Whatever his motives, Churchill’s presence was a tonic to the shattered Americans. On December 23 he joined FDR in a news conference in the Oval Office. More than two hundred journalists crowded into the room, some using edges of the president’s desk to take notes. “Wearing polka dot bow tie, a short black coat, and striped trousers,” Doris Kearns Goodwin tells us, Churchill
stared imperturbably into space, his long cigar between his compressed lips as Roosevelt spoke. When the time came for the prime minister to speak, reporters in the back called out that they could not see him. Asked to stand, Churchill not only complied, but scrambled atop his chair. “There was a wild burst of applause and then cheering,” The New York Times reported, . . . “as the visitor stood there before them, . . . with confidence and determination written on the countenance so familiar to the world.” (p. 303)
Bernard Baruch was among those invited to the White House that Christmas season. He “believed that Churchill’s visit would ‘galvanize’ American public opinion,” according to Eleanor Roosevelt biographer Blanche Wiesen Cook.
With the Pacific fleet in ruins, Wake Island fallen, Singapore besieged, and the Philippines invaded, Baruch considered Churchill “the best Christmas present” to restore heart and hope to the Allied world. “The pink-cheeked warrior in the air raid suit” was the leading symbol of resistance to the Blitz: “Do your worst, we can stand it,” his presence seemed to say. “We won’t crack up.” (Cook, pp. 409–410).
Wartime blackout regulations and tight security precautions were already in place in Washington; nevertheless, Roosevelt insisted on lighting the national Christmas tree. Various reports describe the event. “Our strongest weapon in this war is that conviction of the dignity and brotherhood of man which Christmas Day signifies,” he declared. Churchill joined Franklin and Eleanor Roosevelt on the balcony of the White House before a crowd of 20,000 and in a national radio broadcast that reached millions. “Let the children have their night of fun and laughter,” Churchill said, and then:
Let the gifts of Father Christmas delight their play. Let us grown-ups share to the full in their unstinted pleasures before we turn again to the stern task and formidable years that lie before us, resolved that, by our sacrifice and daring, these same children shall not be robbed of their inheritance or denied their right to live in a free and decent world.
On December 26 Churchill addressed a Joint Session of Congress, declaring himself half-American. “By the way, I cannot help reflecting that if my father had been American and my mother British instead of the other way around, I might have got here on my own.” Much to Eleanor Roosevelt’s distress (who had a more internationalist vision), he stressed the unity and implied superiority of the English-speaking world, speaking of the “outrages they have committed upon us at Pearl Harbor, in the Pacific Islands, in the Philippines, in Malaya and the Dutch East Indies.”
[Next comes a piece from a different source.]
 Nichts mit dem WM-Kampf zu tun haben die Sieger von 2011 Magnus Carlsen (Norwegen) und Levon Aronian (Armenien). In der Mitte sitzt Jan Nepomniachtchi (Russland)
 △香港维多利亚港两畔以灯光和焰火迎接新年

The White House hosted a steady stream of diplomatic and military dignitaries during Churchill’s two-week visit. Meetings were held every day and long into the night—including Christmas day when a War Council was held from 5:30 to 6:45 pm. The war planners set themselves to the business at hand: North Africa, the Pacific and Southeast Asia, military strategy, war production, tonnage, and the Far East were among the subjects of talks. Ambassador Maxim Litvinov from the USSR, Prime Minister Mackenzie King of Canada, and the chiefs of the American Republics of South America and the Missions of the Allied Power and Refugee Governments came and went.
Since Churchill’s arrival he and FDR had been working on a Joint Declaration of Unity and Purpose for the Allies. As they laid the groundwork for war, they also began to frame the peace. It was FDR who suggested to Churchill on the morning of December 29th the name that would signify both war power and the promise of peace: the United Nations.
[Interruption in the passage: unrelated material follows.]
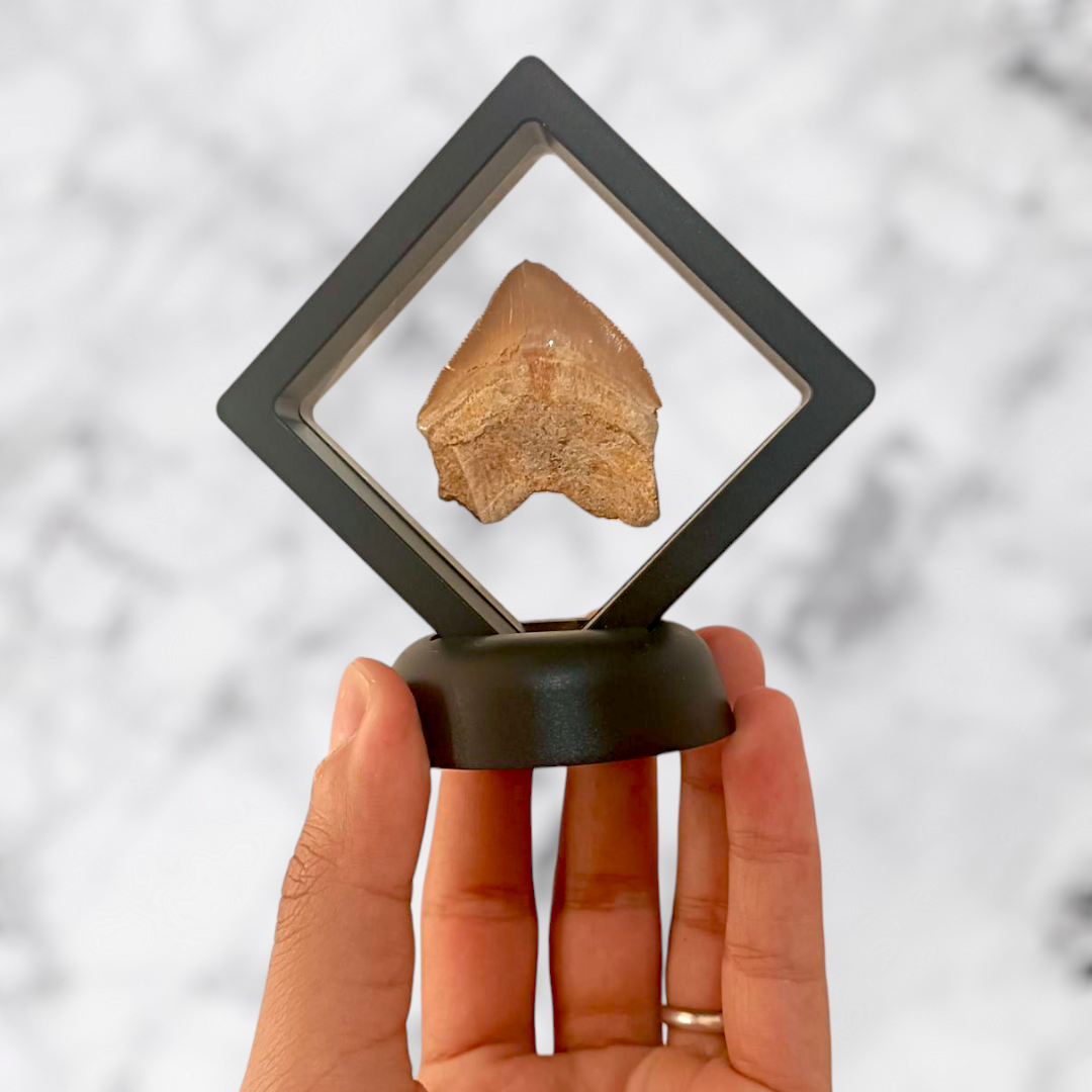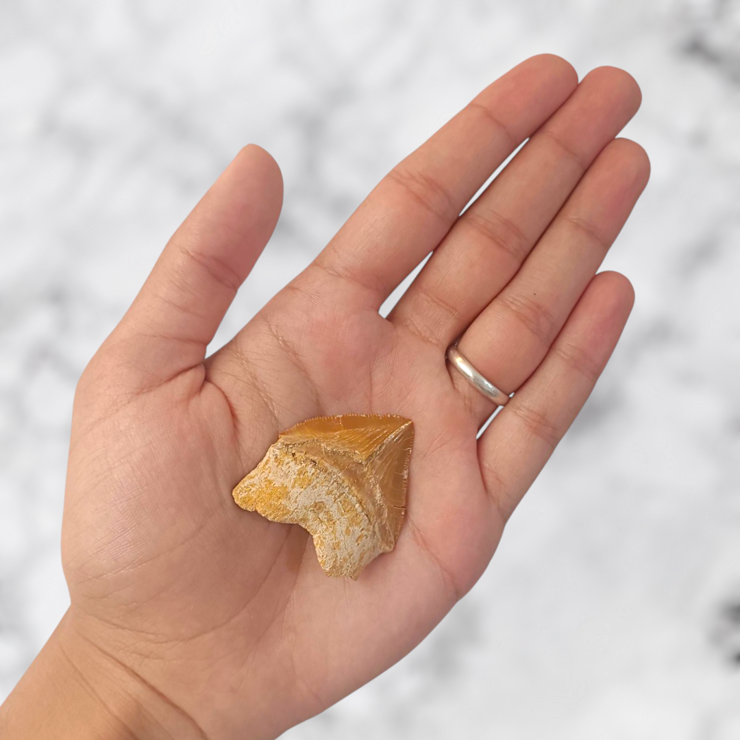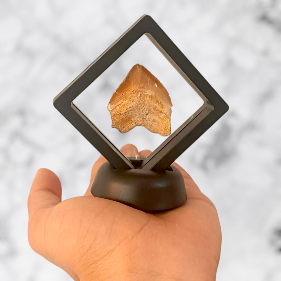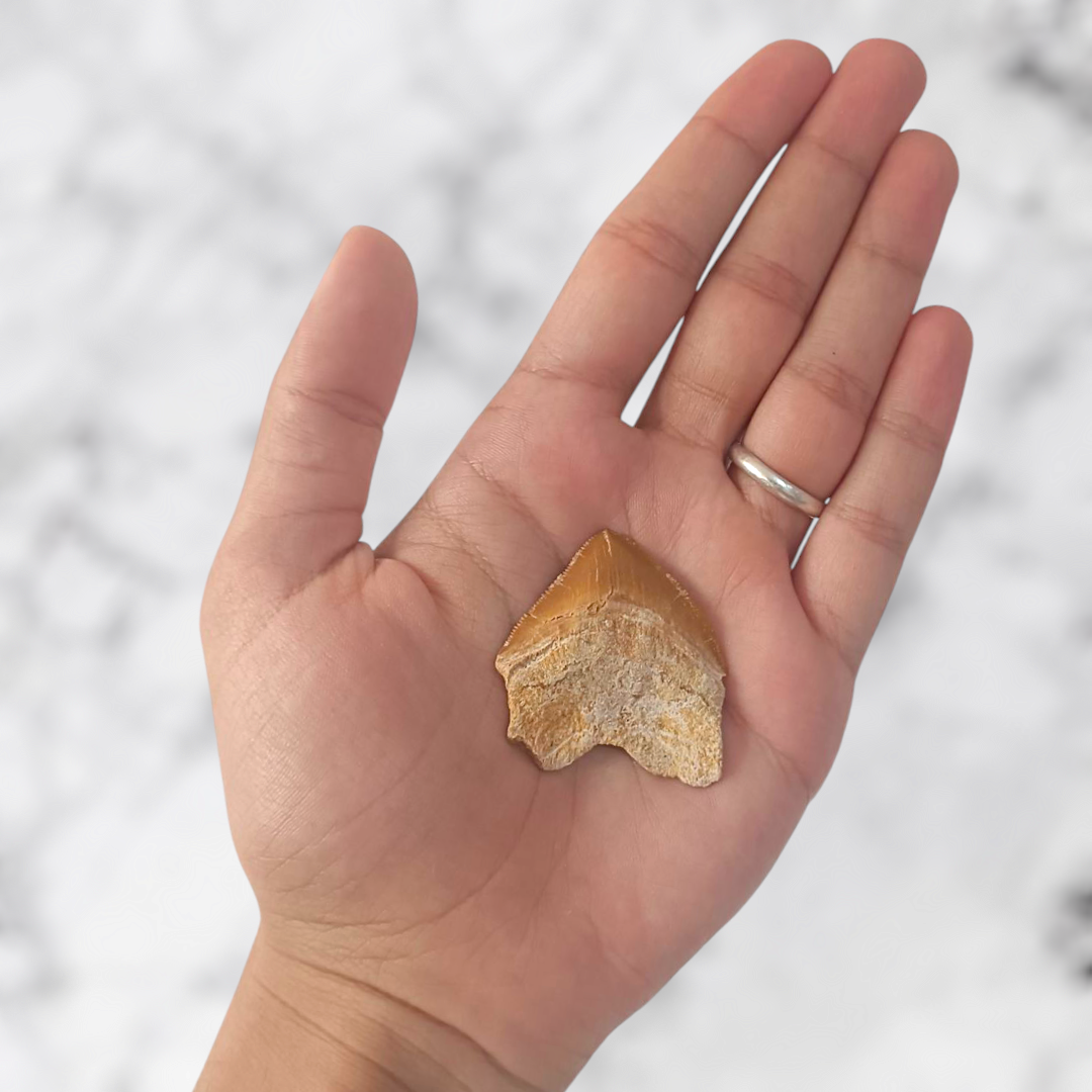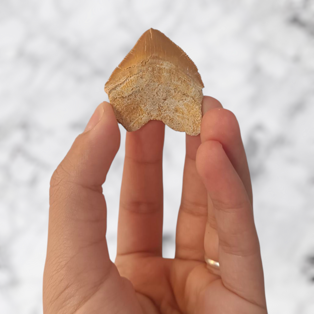 Cette dent fossilisée de requin mesure environ 4,0 cm de longueur, 3,9 cm de largeur et 0,4 cm d’épaisseur. Elle est bien conservée et présente une forme caractéristique avec des bords acérés, typiques des dents de requins. Sa couleur varie entre des teintes de brun et de gris, résultant de la minéralisation au fil du temps. La dent montre des signes d’usure sur les bords, ce qui indique qu’elle a été utilisée pour capturer et couper des proies. Ce fossile est un bel exemple de dent de requin, idéal pour les collectionneurs de fossiles marins.

On New Year’s Day Franklin Roosevelt, Winston Churchill, Maxim Litvinov of the USSR, and T. V. Soong of China signed the Declaration of the United Nations. An exultant Churchill declared, “Four fifths of the human race” has resolved Hitler’s end.
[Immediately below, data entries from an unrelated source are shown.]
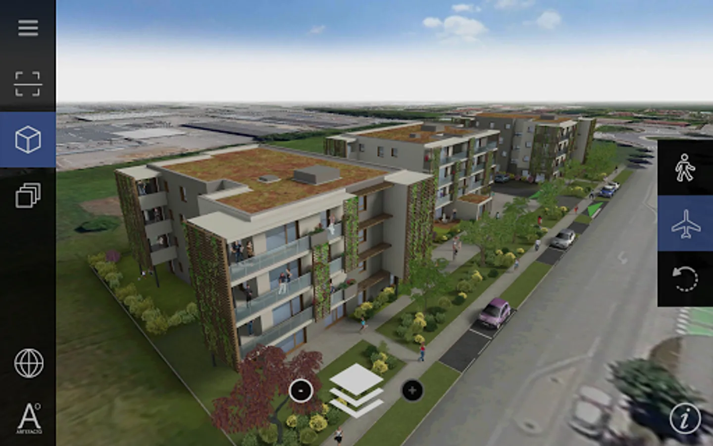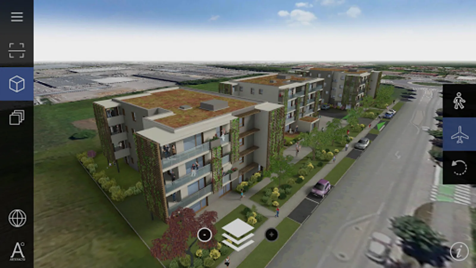 Enter a new dimension in 3D viewing, walk between buildings ... Change of space!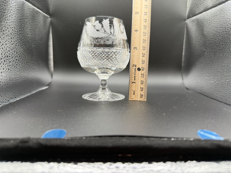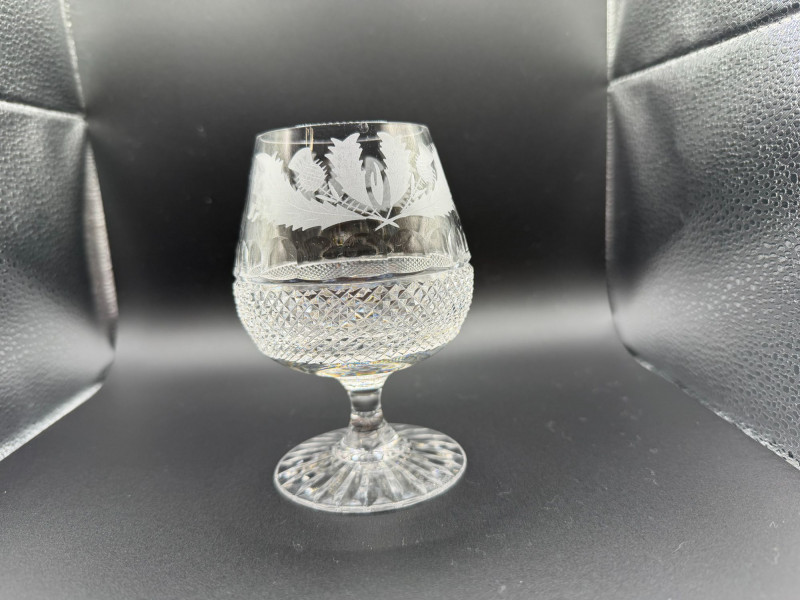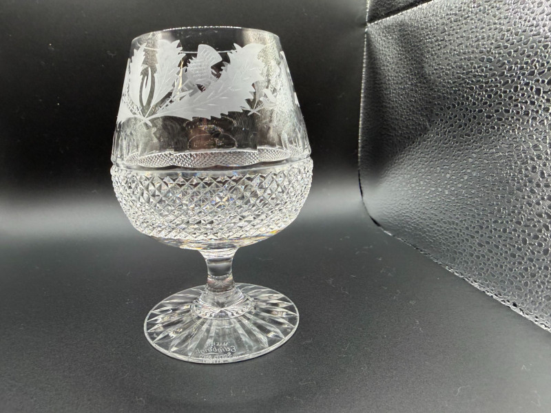 Shippable Elegant Edinburgh Crystal stemmed glasses featuring the classic etched thistle motif, a traditional Scottish design. The bowls are beautifully etched with detailed thistles, paired with a diamond-cut lower section and radiating cut foot. These have a substantial feel and excellent clarity typical of fine British crystal. Details: Maker: Edinburgh Crystal Pattern: Thistle Material: Cut and etched lead crystal Stemmed design with starburst cut base Condition: Perfect for whisky, brandy, or elegant after-dinner drinks. A lovely addition to a bar cart or crystal collection.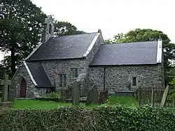 A survey by the Royal Commission on Ancient and Historical Monuments in Wales and Monmouthshire in 1937 noted an 18th-century communion table, an engraved Elizabethan silver cup and a silver paten dated 1721, and a memorial inside the church dated 1791.[6] A 19th-century writer noted a seat near the altar with "R.B. 1630" upon it, said to mark it as belonging to the Bulkeley family (who were prominent and influential landowners, in Anglesey and elsewhere in north Wales, from the 15th to the 19th centuries).[2][17] The churchyard contains a number of slate tombs and a sundial made from brass, dating from the 18th century, standing in the base of a medieval stone cross.[4][18]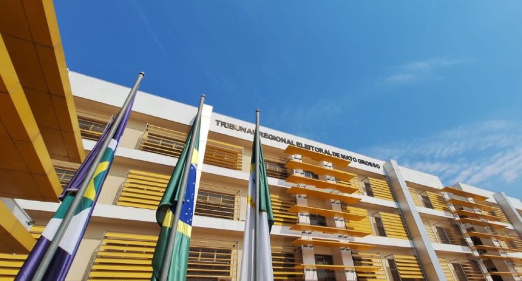 #PraTodosVerem – A imagem mostra a fachada de um prédio moderno de três andares, com janelas de persianas amarelas e a inscrição Tribunal Regional Eleitoral de Mato Grosso no topo. No primeiro plano, há três mastros com bandeiras do Brasil, de Cuiabá e a do estado de Mato Grosso, tremulando sob um céu azul claro com poucas nuvens. A foto é tirada de baixo para cima, o que enfatiza a altura da construção.

The next day twenty-two additional countries signed: Australia, Belgium, Canada, Costa Rica, Cuba, Czechoslovakia, Dominican Republic, El Salvador, Greece, Guatemala, Haiti, Honduras, India, Luxembourg, Netherlands, New Zealand, Nicaragua, Norway, Panama, Poland, Union of South Africa, and Yugoslavia. Subsequently Bolivia, Brazil, Chile, Colombia, Ecuador, Egypt, Ethiopia, France, Iran, Iraq, Lebanon, Liberia, Mexico, Paraguay, Peru, Philippines, Saudi Arabia, Syria, Turkey, Uruguay, and Venezuela signed.
Those countries that signed by March 1945 would become the founding members of the United Nations.
The Declaration read in part:
The Governments signatory hereto,
Having subscribed to a common program of purposes and principles embodied in the Joint Declaration of the President of the United States of America and the Prime Minister of the United Kingdom of Great Britain and Northern Ireland dated August 14, 1941 known as the Atlantic Charter.
Being convinced that complete victory over their enemies is essential to defend life, liberty, independence and religious freedom, and to preserve human rights and justice in their own lands as well as in other lands, and that they are now engaged in a common struggle against savage and brutal forces seeking to subjugate the world,
Declare:
(1) Each Government pledges itself to employ its full resources, military or economic, against those members of the Tripartite Pact and its adherents with which such government is at war.
(2) Each Government pledges itself to cooperate with the Governments signatory hereto and not to make a separate armistice or peace with the enemies.
What then was this Atlantic Charter that underpinned the entire agreement?
It was nothing less than a declaration of goals for the postwar world, an instrument for peace forged in the exigencies of war: “after the final destruction of Nazi tyranny, [it envisioned] . . . a peace which will afford to all nations the means of dwelling in safety within their own boundaries, and which will afford assurance that all the men in all the lands may live out their lives in freedom from fear and want.”
To ensure that world, Roosevelt and Churchill called for permanent disarmament and envisioned a “permanent system of general security.”
All of the nations of the world, for realistic as well spiritual reasons, must come to the abandonment of the use of force. Since no future peace can be maintained if land, sea, or air armaments continue to be employed by nations which threaten, or may threaten aggression outside of their frontiers, [the signatories] believe, pending the establishment of a wider and permanent system of general security, that the disarmament of such nations is essential.
Churchill had come to the Atlantic Conference seeking American entry into the war against Hitler to preserve the British Empire. The Atlantic Charter was Franklin Roosevelt’s vision, a reimagining of the lost promise of the League of Nations and Woodrow Wilson’s failed vision for an end to all war. Out of it grew the United Nations—an ambitious idea for a post-war world of peace, disarmament, decolonization, democratic self-determination, respect for human rights, and free trade.
This is the legacy of Christmas 1941—and a reminder of work we have yet to complete.
Sources:
Cook, Blanche Wiesen. Eleanor Roosevelt: The War Years and After, Volume 3, 1939–1962. New York: Viking, 2016.
Goodwin, Doris Kearns. No Ordinary Time: Franklin and Eleanor Roosevelt: The Home Front in World War II. New York: Simon and Schuster, 1994.